Pandora's Box
I have debated blogging about the whole Dru Sjodin media mob for awhile but felt it was in poor taste. But, now that I've been empowered by the comments of Angie and our Dairyland friends (see post below), I'm going to let it all fly. The proverbial can of worms has been opened.
I have to preface all this by a feel like a shithead being critical of any media attention to this story (overblow or otherwise). I do not want to even imagine what her fate is like. I cannot imagine her family's pain.
But (and here's where I become a shithead), why did her abduction get the lead story for two weeks? She was clearly a very attractive woman. You top it off with the fact that she was a clean-cut apple-pie girl who also happened to be a sorority girl who worked at Victoria's Secret, and people are going to pay attention. Her persona struck a chord with every slice of the midwest demographic. It's not as if the newspapers and TV stations are all to blame for this. The public was gobbling it up.
I am fine with all this, and more power to the Sjodin family for using the resources available to them (money, internet, TV, radio, newsprint...) to bring Dru home. I know I would do the same.
start rant here But what actually did piss me off was when
Governor Tim Pawlenty used Dru's disappearence as an opportunity to try and reinstate the death penalty.

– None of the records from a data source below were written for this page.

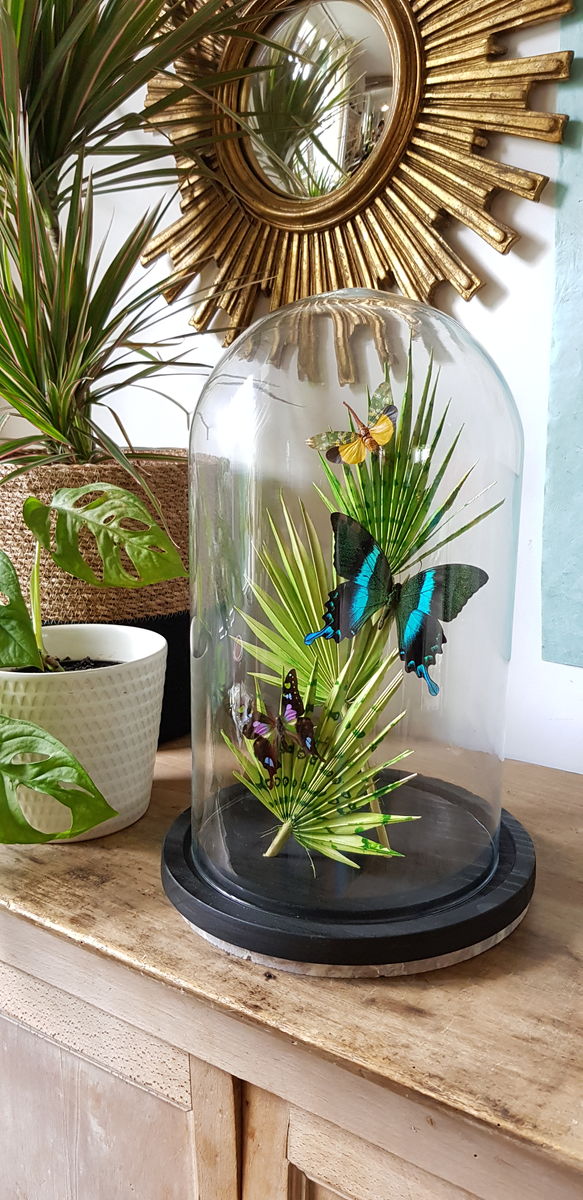 Cloche en verre papillons des champs
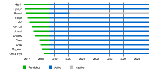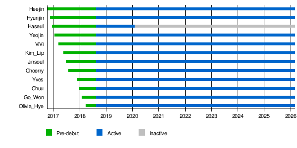 Between November 2017 and January 2018, new members Yves, Chuu, and Go Won released their solo songs. They also released a holiday song called "The Carol 2.0." In March 2018, the final member, Olivia Hye, released her solo album.
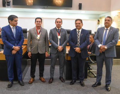 A Assembleia Legislativa da Paraíba (ALPB) realizou sessão solene, na tarde desta quarta-feira (04), proposta pelo presidente da Casa, deputado Adriano Galdino, para outorga da Medalha Epitácio Pessoa e do Mérito Empresarial José de Paiva Gadelha a Edvaldo Neves dos Santos e Neilton Neves dos Santos, bem como, a Medalha de Honra ao Mérito Legislativo Senador Humberto Lucena à empresa Medow Entretenimento e Cultura e ao empresário Jomário Gomes de Souto.
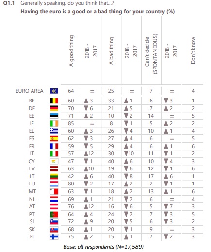 Va però detto che, secondo questa rilevazione effettuata ad ottobre scorso (17.589 interviste telefoniche nei 19 Paesi dell’euro), restiamo tra i meno convinti, in quantità di cittadini, poiché dietro agli italiani ci sono solo ciprioti e lituani, tutti gli altri hanno maggiore positività. Però l’Italia si avvicina alla media Ue, che è al 64 per cento, in una classifica guidata dall’Irlanda, dove i sostenitori della moneta unica sono all’85 per cento.
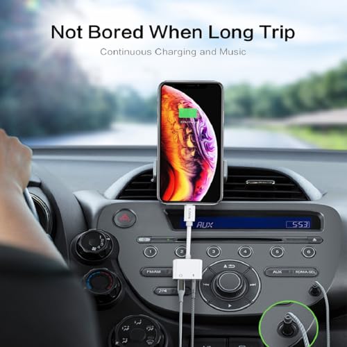 - 【AUX + Fast Charger】: The 2-in-1 charger and headphone adapter support up to 24-bit 48KHz headphone charging adapter output, ensuring stability and fidelity of sound transmission. So you can enjoy the perfect music while charging without worrying about the iPhone lovers with low battery.
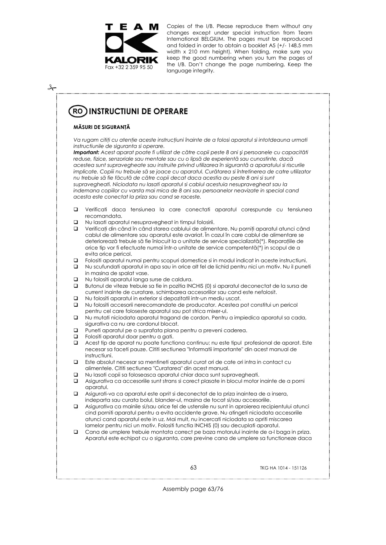 MANUAL DE UTILIZARE HA 1014S TEAM KALORIK
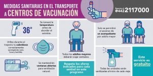 April 5, 2021Ante el próximo protocolo de vacunación que se llevará a cabo en el municipio de Querétaro, el Gobierno del Estado a través de la Secretaría de Desarrollo Social de Querétaro, en conjunto con el Instituto Queretano del Transporte y de las autoridades del municipio, impulsaron una serie de rutas gratuitas para trasladar a las personas de la tercera edad hasta sus puntos de vacunación. Lo anterior con la finalidad de colaborar con las instancias federales y darle mayor celeridad al proceso, a efecto de que la población de adultos mayores no tenga problemas para moverse en la mancha urbana.
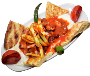 Искендер кебаб (Мясо с лавашом в томате и с йогуртом)
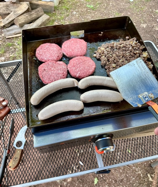 When camping, we have two choices for preparing food. 1. use the firepit and a grill, or 2. heat the trusty Blackstone griddle. Sometimes we use both, depending on the mood.

In the interest of full disclosure I should add that I am opposed to the death penalty for two main reasons: a) it only applies to poor people who can't get good lawyers and b) each person has his/her own definition of a crime worthy of execution. How dare we, as citizens, stand by as governors or judges play God and make the final call regarding a very subjective line between life and death. Oh yeah, and two wrongs don't make a right.
But I digress.
Even if I loved, LOVED, the capital punishment, Pawlenty's call for the death penalty after Dru Sjodin's disappearence is offensive. Why wasn't he calling for the execution of the
murderers of Tyesha Edwards last November? So the loss of life when it's an attractive, white All-American college girl is worthy of the death penalty. But when an 11 year-old African-American girl is killed while doing her homework in her living room with her 6 year-old sister, her murderers don't deserve to die.
Like or not, this is exactly what Governor Pawlenty is saying when he brings up the death penalty before Dru Sjodin has even been found, and TWELVE FUCKING MONTHS after Tyesha Edwards was killed. It smacks of racism, classism, and sensationalism.
end rant here
Bottom line:
1. Dru Sjodin's story and her family's pain is terrible and awful. But the same is true for all the other abducted people like her that didn't end up with their pictures on the cover of
People magazine.
2. Few things will get me off my ass to protest. But any movement to re-instate the death penalty is one of them.